_Required action_
Up to and including the line that holds "谷奥正徳さんの総運は40画の2点!", copy every line of the records below exactly, starting at the first; leave pictures out.

=-=-=

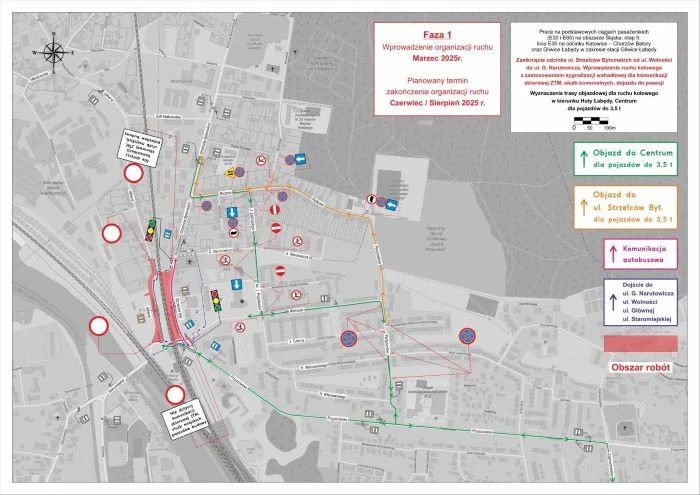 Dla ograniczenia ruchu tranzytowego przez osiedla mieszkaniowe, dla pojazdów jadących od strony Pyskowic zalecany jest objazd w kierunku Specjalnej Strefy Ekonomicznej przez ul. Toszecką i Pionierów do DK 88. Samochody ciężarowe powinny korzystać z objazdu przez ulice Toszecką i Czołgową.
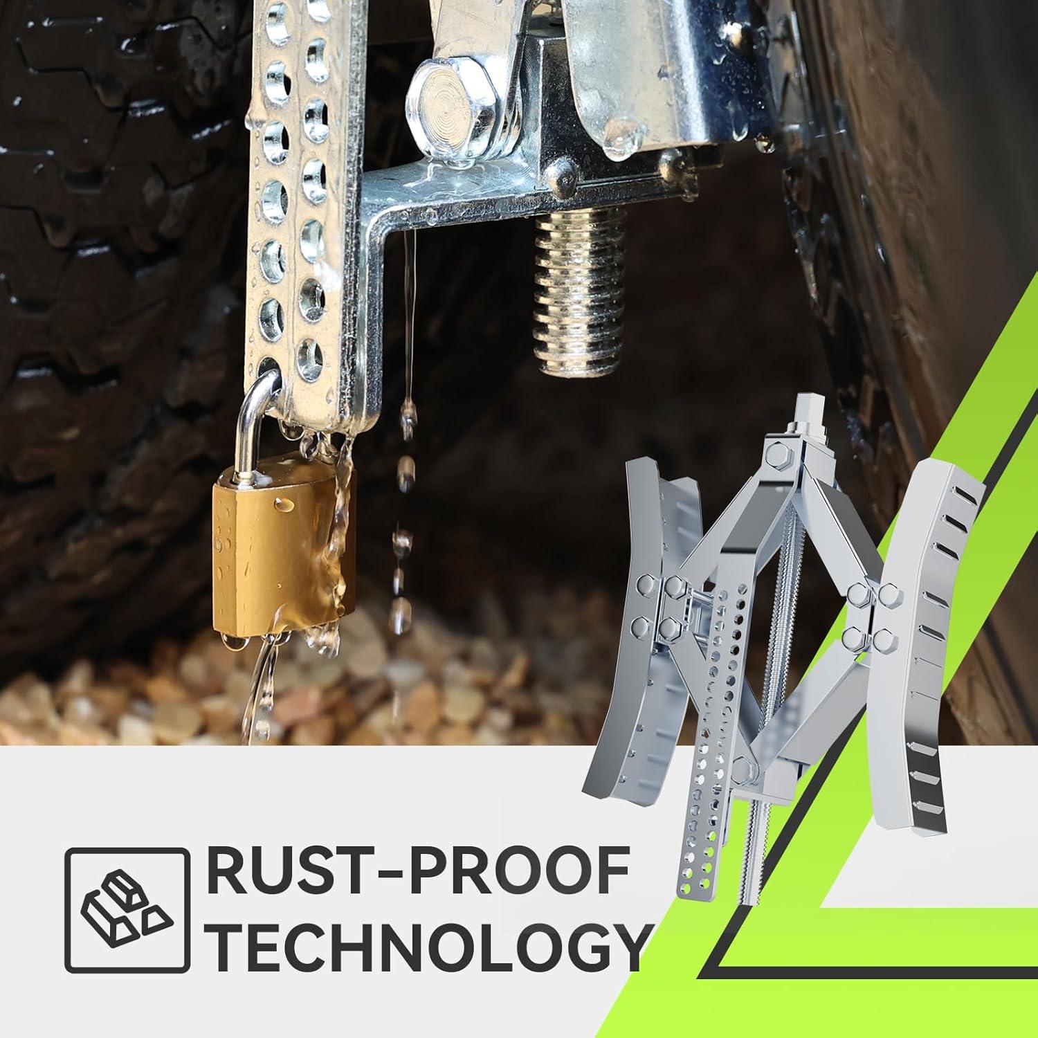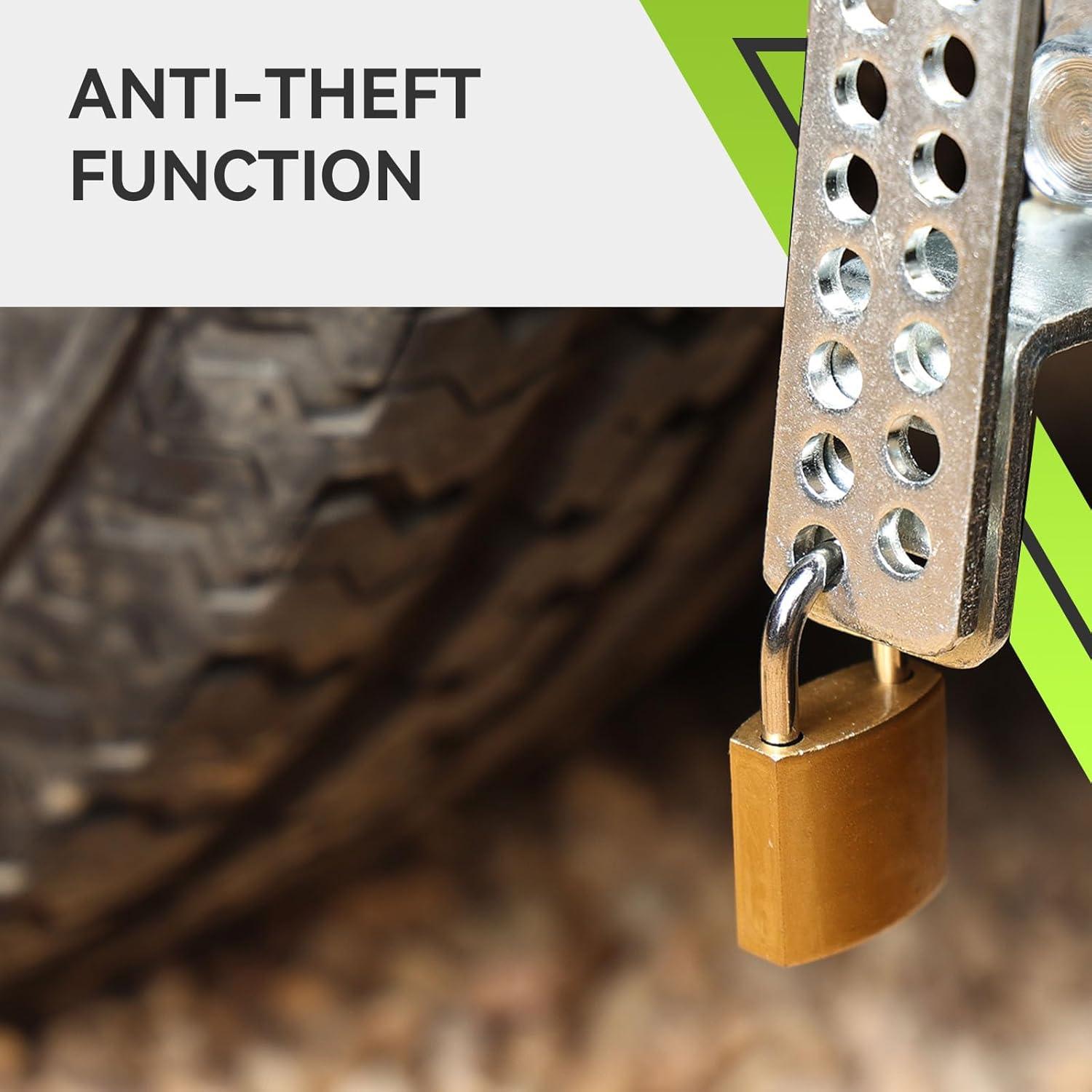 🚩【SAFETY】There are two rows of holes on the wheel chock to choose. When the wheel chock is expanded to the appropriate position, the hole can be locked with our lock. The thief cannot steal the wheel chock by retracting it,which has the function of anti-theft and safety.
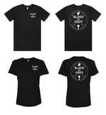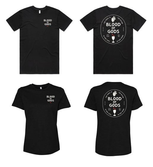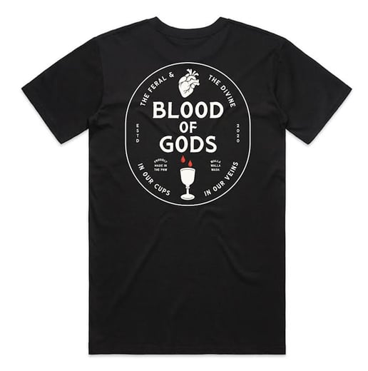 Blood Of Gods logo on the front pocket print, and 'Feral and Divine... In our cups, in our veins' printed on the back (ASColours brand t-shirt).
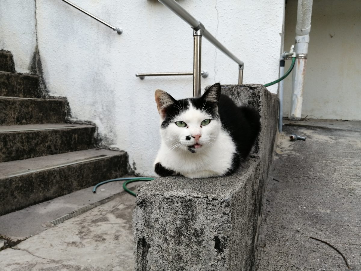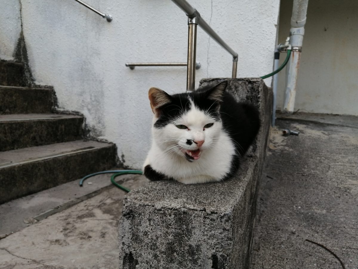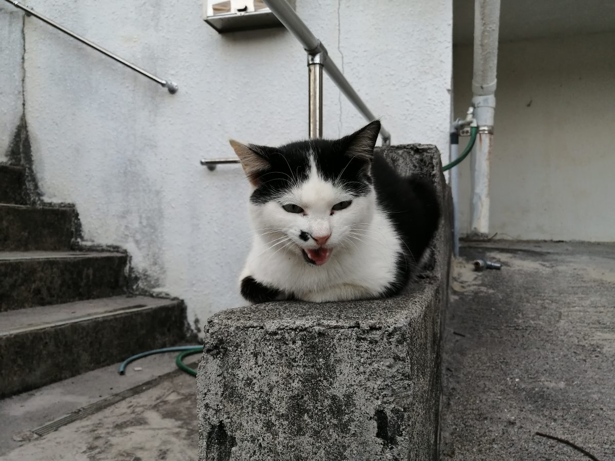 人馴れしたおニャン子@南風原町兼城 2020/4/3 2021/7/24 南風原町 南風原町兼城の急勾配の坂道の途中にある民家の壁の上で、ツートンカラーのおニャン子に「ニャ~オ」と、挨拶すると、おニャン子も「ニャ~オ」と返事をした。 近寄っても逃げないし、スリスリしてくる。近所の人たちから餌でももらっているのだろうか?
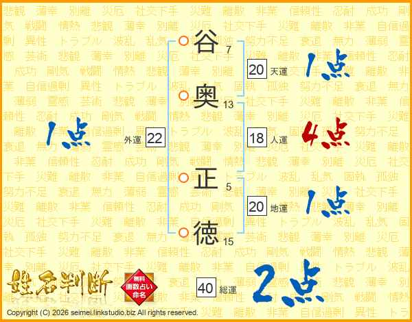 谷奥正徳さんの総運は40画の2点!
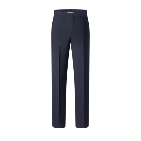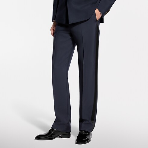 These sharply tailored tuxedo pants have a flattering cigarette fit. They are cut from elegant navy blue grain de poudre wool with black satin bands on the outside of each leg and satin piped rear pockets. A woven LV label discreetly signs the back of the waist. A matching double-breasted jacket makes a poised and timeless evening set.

=-=-=

_Response to this exercise_
 Dla ograniczenia ruchu tranzytowego przez osiedla mieszkaniowe, dla pojazdów jadących od strony Pyskowic zalecany jest objazd w kierunku Specjalnej Strefy Ekonomicznej przez ul. Toszecką i Pionierów do DK 88. Samochody ciężarowe powinny korzystać z objazdu przez ulice Toszecką i Czołgową.
 🚩【SAFETY】There are two rows of holes on the wheel chock to choose. When the wheel chock is expanded to the appropriate position, the hole can be locked with our lock. The thief cannot steal the wheel chock by retracting it,which has the function of anti-theft and safety.
 Blood Of Gods logo on the front pocket print, and 'Feral and Divine... In our cups, in our veins' printed on the back (ASColours brand t-shirt).
 人馴れしたおニャン子@南風原町兼城 2020/4/3 2021/7/24 南風原町 南風原町兼城の急勾配の坂道の途中にある民家の壁の上で、ツートンカラーのおニャン子に「ニャ~オ」と、挨拶すると、おニャン子も「ニャ~オ」と返事をした。 近寄っても逃げないし、スリスリしてくる。近所の人たちから餌でももらっているのだろうか?
 谷奥正徳さんの総運は40画の2点!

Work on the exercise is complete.